Mickey's Pirate and Princess Party was a hard-ticketed (separate admission) event held throughout the months of January through June at the Magic Kingdom theme park at the Walt Disney World Resort in Lake Buena Vista, Florida outside Orlando. A smaller version was also planned for Disneyland Paris Resort in 2011, but was cancelled. This event combined two of The Walt Disney Company's franchises, the Disney Princess line and the Pirates of the Caribbean franchise.

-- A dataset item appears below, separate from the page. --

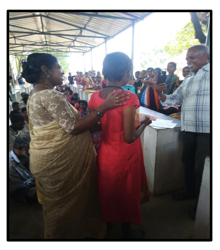
The inmates of Anbalayam are being felicitated for their wining in competitions hosted by students

==Walt Disney World version==

===History===
Started in January 2007 and ending in 2009 at Walt Disney World, the event was created after cast members at the park saw many children dressed either as pirates or princesses at Mickey's Not-So-Scary Halloween Party (another ticketed event held yearly in September and October). Because of that, Walt Disney World decided to create a new event, which took two years of planning as part of their "Year of a Million Dreams Celebration." As Disney show director Tara Anderson said, "This new party allows guests to live out the adventures of scurvy pirates and pretty princesses. We have created a new Magic Kingdom event that lets you step right into your favorite stories and fairytales." Similarly to Mickey's Not-So-Scary Halloween Party, children and guests of all ages were invited to live out their favorite pirate or princess dream at the Magic Kingdom Park and dress up as their favorite pirate and princess characters. The event was full of a variety of exclusive themed entertainment and activities for the whole family, including "Disney's Enchanted Adventures Parade," "Magic, Music and Mayhem" (a special fireworks show), rare character meet and greet opportunities, dance parties, and so much more.

===Theme lands===
Each of the lands within the Magic Kingdom was centered to a theme related to royalty and piracy.
Adventureland – New Tortuga and Jasmine's Court: New Tortuga included a number of pirate themed activities including Captain Jack's Pirate Tutorial where children learned just what it takes to be a pirate from none other than Captain Jack Sparrow himself. Other entertainment offerings included a live pirate band and a variety of character meet and greets from Goofy, Pluto, Captain Hook, and Mr. Smee. Over in Jasmine's court, young princes and princesses learned what it took to be a member of Princess Jasmine's Royal Guard and met characters such as Aladdin, Jasmine, Abu, and Genie from the 1992 Disney film Aladdin.
Liberty Square – Riverboat Riviera: Here guests heard stories of the legend of the Jolly Roger and met characters from the 1995 Disney film Pocahontas, including Pocahontas herself, Meeko, and John Smith.
Fantasyland – Ariel's Court: Here guests had the opportunity to participate in Sebastian's Under the Sea Dance party where they partied the night away with under sea friends from the 1989 Disney film The Little Mermaid and even had a meet and greet with Ariel herself.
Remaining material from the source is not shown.